Thousands join climate change protests in western Germany
German police deployed hundreds of officers in and around the western German village of Hochneukirch to prevent demonstrators from blocking the vast, open-pit mine and adjacent power plants.
Hundreds of protesters succeeded in temporarily blocking railroad tracks used to transport coal and another group broke through a police cordon and entered the mine, German news agency dpa reported.
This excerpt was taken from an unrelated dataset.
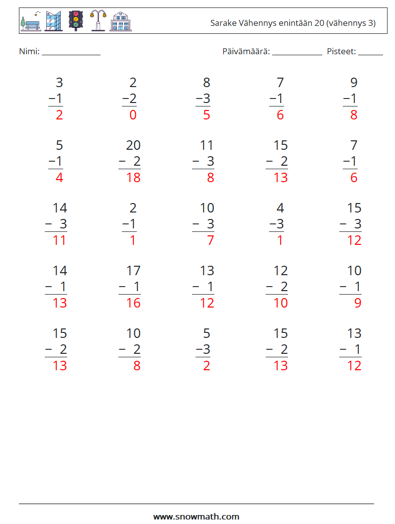 (25) Sarake Vähennys enintään 20 (vähennys 3)
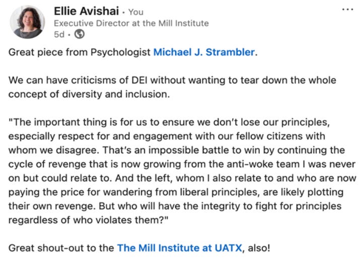 But just a little over a year after opening, Fascist Hogwarts is in turmoil. Nearly 60% of the University of Austin’s thirty-four-person staff has left. One staff member was pushed out after she posted the below on LinkedIn, violating the right’s purity test by admitting that some diversity initiatives held merit.

The various rallies were mostly peaceful.
The mine has become a focus of environmental protests in recent years because the operator, German utility company RWE, threatened to chop down a nearby forest to enlarge it.
"It's important to increase the pressure on the government," protester Selma Schubert said. "The government doesn't do enough against climate change."
Participants in the Saturday protests held banners calling for climate protection or singing songs as they marched through villages in the Rhineland region near the mine.
According to German environmental group Bund, more than 8,000 people took part.
"You're building a movement, that's beautiful," said protester Seimi Rowin, who came from Scotland. "But we need to get to the next step ... otherwise future generations will pay for it."
Following months of climate protests by students and a sharp rise in the polls for Germany's Green party, Chancellor Angela Merkel recently threw her weight behind the goal of making Germany climate neutral by 2050. That would mean the country's economy no longer would add greenhouse gases to the atmosphere.
Scientists say ending fossil fuel use by mid-century is a must if countries want to achieve the 2015 Paris climate accord's most ambitious goal of keeping global temperatures from rising more than 1.5 degrees Celsius (2.7 degrees Fahrenheit) compared to pre-industrial times.